Will T-Mobile’s Late Entrance To LTE Party Help Them? In Short: No.

T-Mobile has long been a distant fourth place competitor in the U.S. cellar market. While their pricing and various contracts have often trounced the competition (rather easily I’d add), the spotty coverage and generally less speedy (until recently) network has caused more and more people to look at AT&T, Sprint and Verizon for their data-loving tasks. Complicating T-Mobile’s stigma of an “underdog” was illustrated by their resistance to pursue LTE and instead stick with constantly upgrading their (admittingly fast) HSPA+ network.

The latest generation of Qualcomm hardware, the new S4 processor(s) in particular, are the first to hit the market with integrated LTE. What this means is that instead of tacking LTE hardware onto a mobile phone and hoping for the best, hardware can now be smaller and more efficient. Gigaom says that by sitting out the first round of LTE warfare and skipping first-gen LTE hardware may have put T-Mobile behind initially, they won’t attract the same stigma of selling phones with terrible battery life and in turn add subscribers solely on the belief that they sell phones with better battery life.
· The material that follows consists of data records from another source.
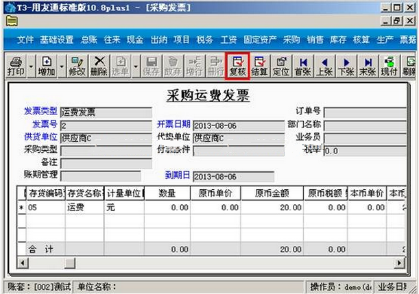 a.点击“采购发票”-“增加”-“运费发票”,输入发票号、供应商、存货及金额之后点击“保存”-“复核”。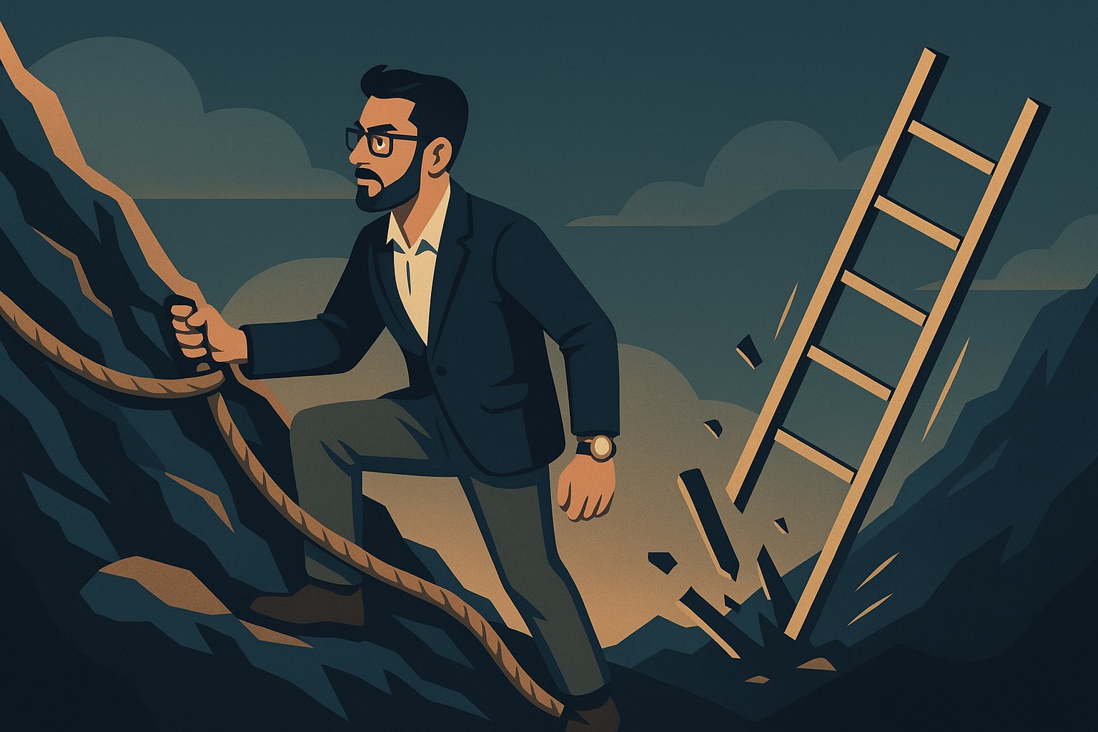 Which climber would you rather be? If your answer is the one with anchors, make sure your anchors are real risk rules, not wishful thinking: Why Risk Management Is the Only Edge That Lasts.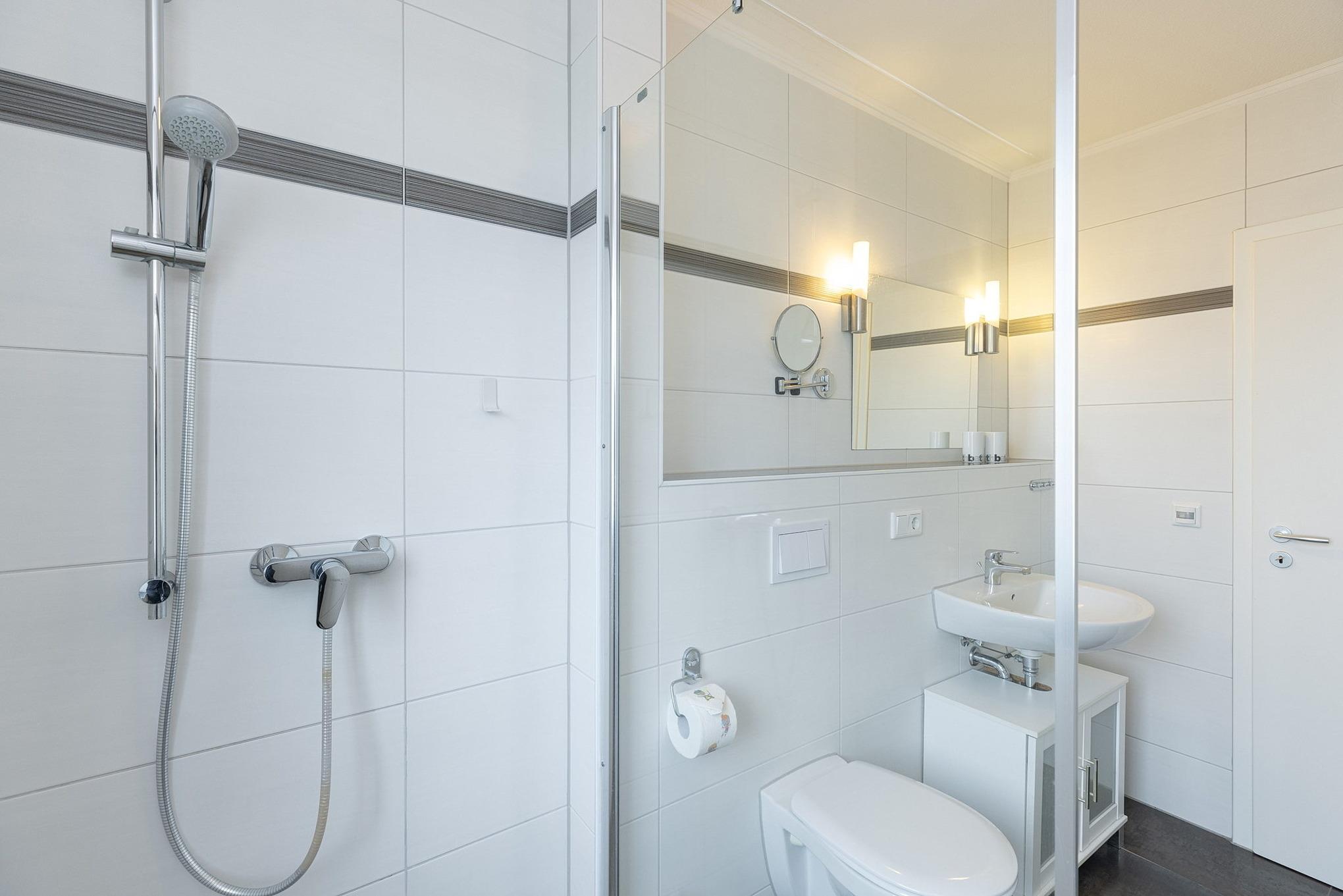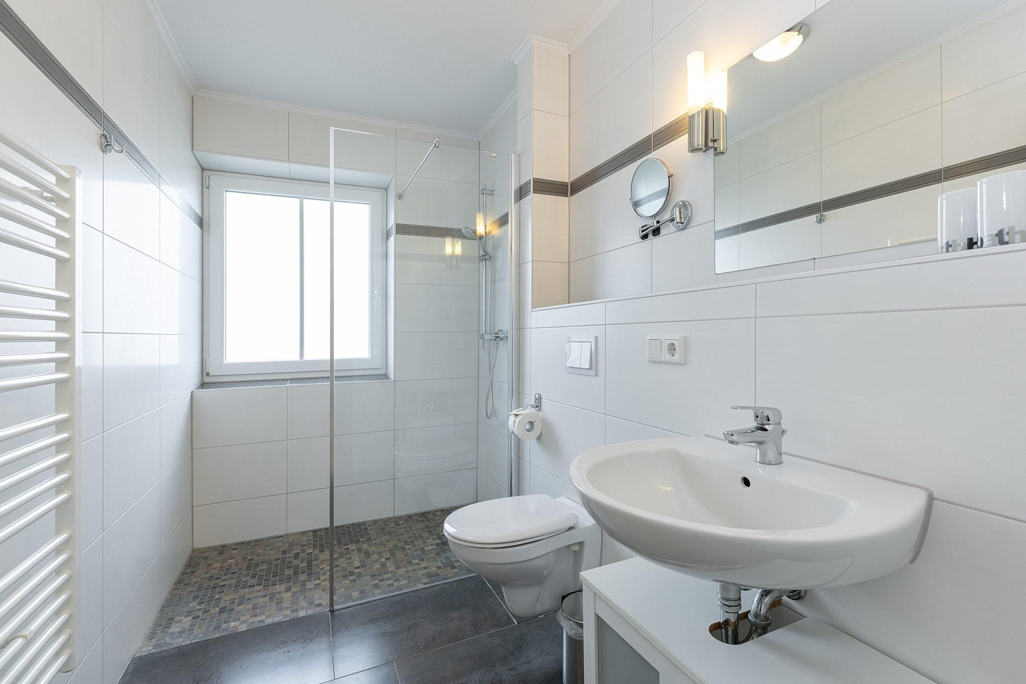 Modernes, hell gefliestes, barrierefreies Tageslichtbad mit Dusche, WC und Waschbecken. Das Bad verfügt über eine Fußbodenheizung.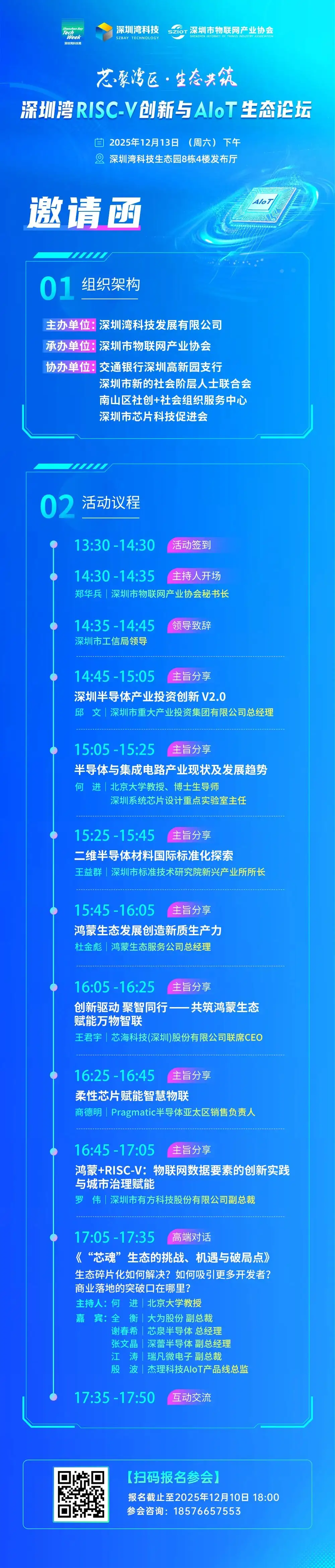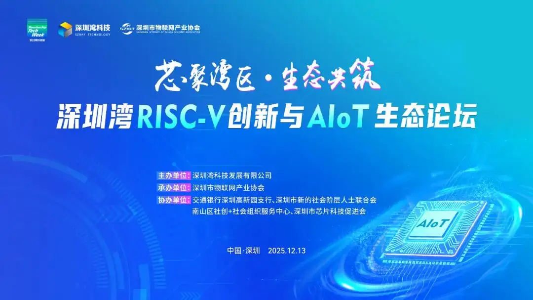 在此背景下,由深圳湾科技发展有限公司主办,深圳市物联网产业协会承办,交通银行深圳高新园支行、深圳市新的社会阶层人士联合会和南山区社创+社会组织服务中心、深圳市芯片科技促进会协办的“「芯聚湾区,生态共筑」深圳湾 RISC-V 创新与 AIoT 生态论坛”,即将于2025年12月13日在深圳湾科技生态园拉开帷幕。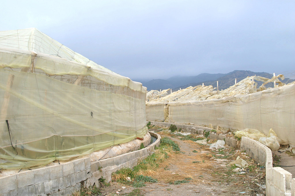 En las series “Cosecha amarga” y “De segundas”, que parten de un trabajo de fotografía e intervención anterior, “Invernaderos” (2005-2006), Laura evidencia a través de la metáfora el resultado de la productividad en el poniente almeriense.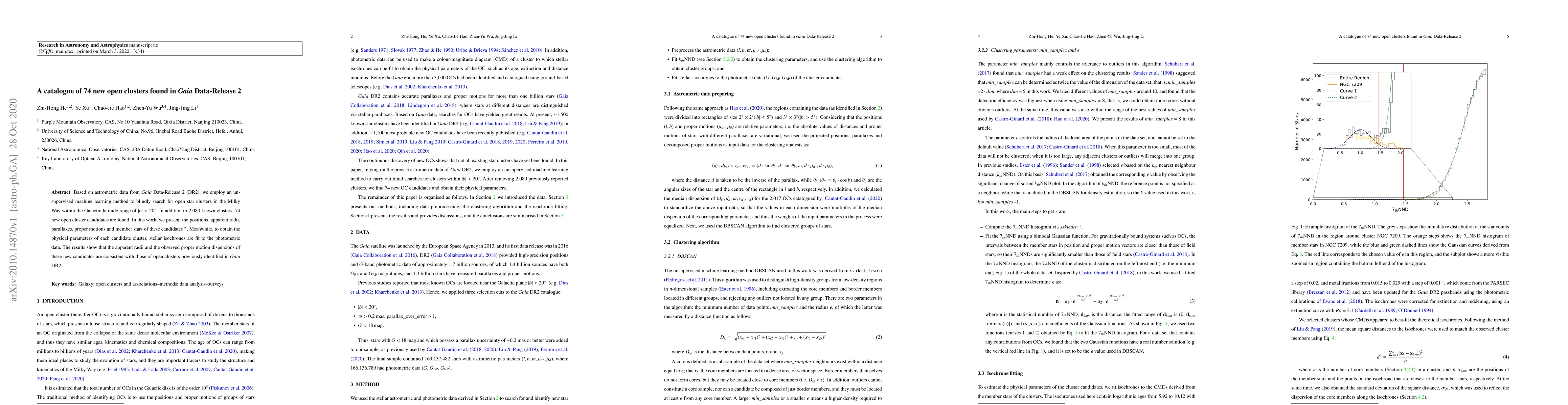This study identifies 74 new open cluster candidates in the Milky Way using Gaia Data-Release 2 and an unsupervised machine learning method. The research provides detailed parameters including positions, apparent radii, parallaxes, proper motions, and member stars for these candidates, and fits stellar isochrones to derive their physical properties.
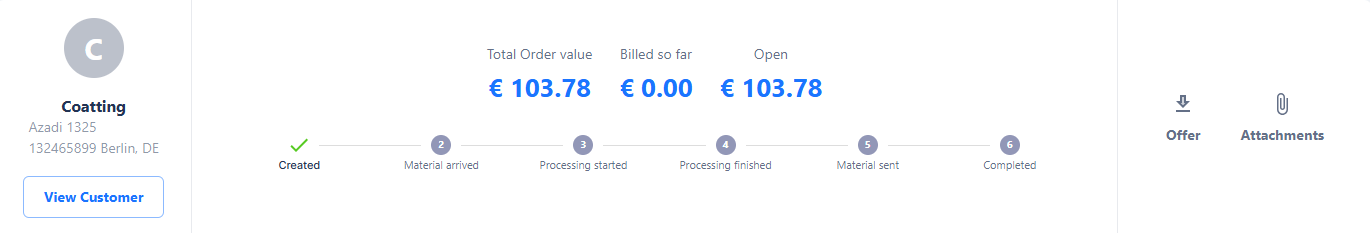 At the top of the editor, you can see the customer, the total net order value, the positions already invoiced, and the open amount — which represents the difference between the total order value and the amounts already billed. You can also navigate directly to the associated offer or add attachments to the order — either for individual positions or for the entire order. Material requirements and notes can likewise be managed directly within the order.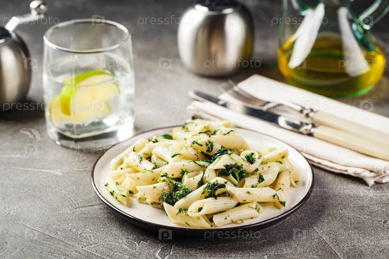 Обеденный стол с тарелкой пасты пенне со шпинатом, комплексное меню для здорового обеда в ресторане, бизнес-ланч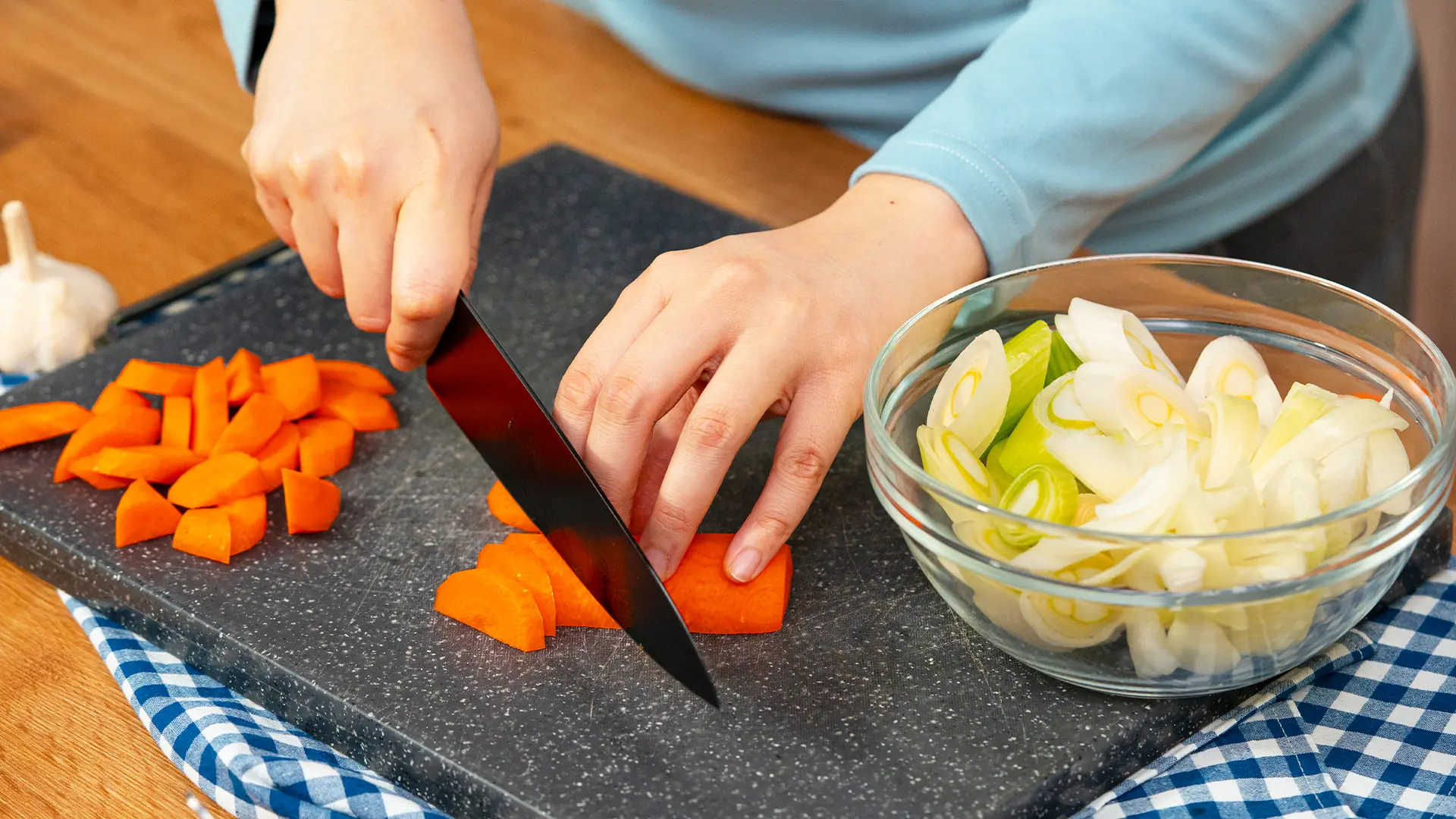 Cut the Carrot (1) in half lengthwise, then diagonally slice into 1/4-inch thick slices. Cut the white and light green part of the Leek (1) diagonally into about 1/2-inch slices. And slice the Yellow Onion (1/2) into 1/4-inch thick.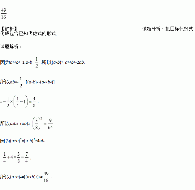 已知a2+b2=1,a-b=,求a2b2与(a+b)4的值.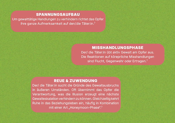Es gibt aber ein Element, das sie auf jeden Fall beinhalten sollte: die Gewaltspirale. In Ruhezeiten können Gewaltbeziehungen auch liebevoll sein. Dies macht es auch so schwierig aus ihnen auszusteigen. Die Realität wird oft durch einen “Schleier der Liebe” verharmlost, die Gewalt wird “verziehen” oder “vergessen”. Um Beziehungsgewalt sensibel und realitätsnah zu inszenieren ist es also essentiell…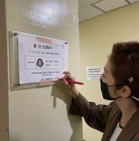 22일 황보라는 자신의 인스타그램 스토리를 통해 한 장의 사진을 게재했다. ‘혼인신고서’라고 써 있는 종이에는 “나 ‘썰바이벌’은 ‘보라’에게 혼인을 신청한다”는 문구와 “지금 몇 신지 알아요? 황보라 내 색시”라고 적혀 있다. 이는 KBS Joy ‘썰바이벌’ 제작진이 황보라를 위해 준비한 것으로 보인다. 현재 황보라는 KBS Joy ‘썰바이벌’에서 MC로 활약 중이다.
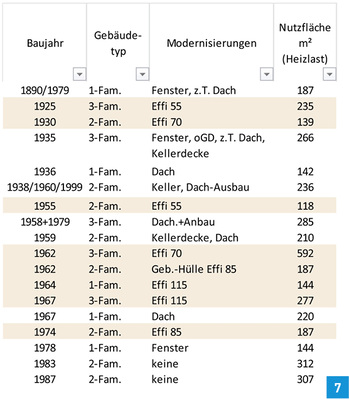 Jetzt könnte man meinen, das ist die Ausnahme, das kommt nicht immer vor. Hierzu wurden 19 weitere Projekte genauer unter die Lupe genommen. Für die Vergleichsberechnungen wurden Immobilien mit wenigen Modernisierungen bis hin zu Effizienzhäusern im Bestand ausgewählt ( Grafik 7 ). Effizienzhäuser sind nach Fachregel der VdZ immer nach Verfahren B durchzuführen. Da in der Praxis hier z.T. W/m²-Annahmen angesetzt werden, folgen die Effizienzhausvergleiche zur Erläuterung der Abweichungen.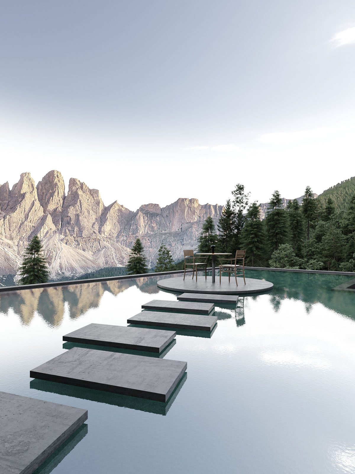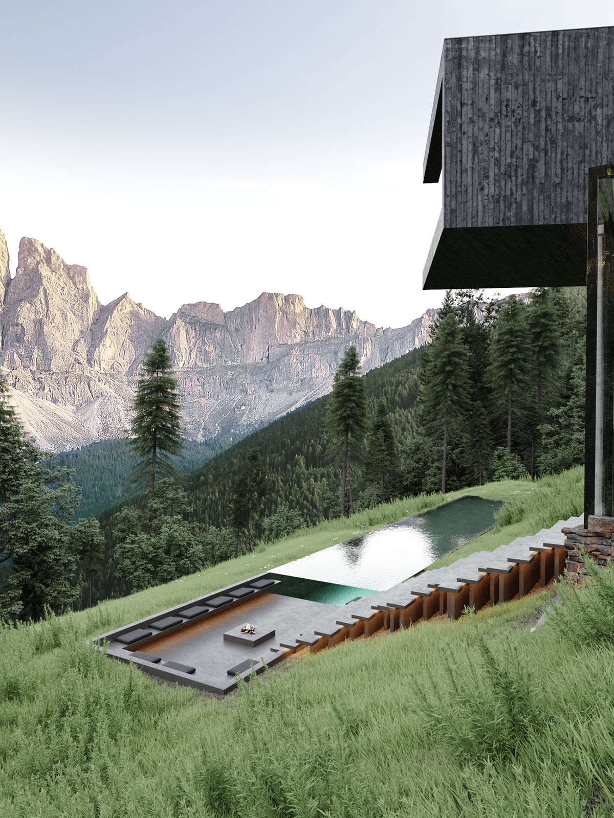 Una escalera exterior cálidamente iluminada serpentea por la ladera de la montaña, donde se acerca a una zona de estar junto a la piscina.

While such a concept is nice to think about, it’s nothing more than a dream. It’s not going to happen. The way I see it is that any “benefit” T-Mobile will garner from entering the LTE race just when the hardware is getting really good will be a moot point. Other competitors are also planning to roll out devices with the same, more efficient hardware. The stigma that may be attached to LTE isn’t on the carriers, really, but the devices themselves and to some extent the technology as a whole — but not the carriers.

Sadly, T-Mobile’s position is to trod along with a tried and true, less expensive technology and upgrade the hell out of it, and then once something has been proven/advances to a certain level, adopt it. It’s not a particularly bad plan. If done right it’s cost effective. Though, the various rumors of buyouts over the last few years (and one failed merger with AT&T) have proven that attacking the value end of the market as T-Mobile has simply hasn’t paid off for them very well.

In 2 years if T-Mobile hasn’t folded or been acquired by some other entity we’ll still be calling them the “nation’s 4th largest carrier” (and likely the 4th largest carrier still with money problems).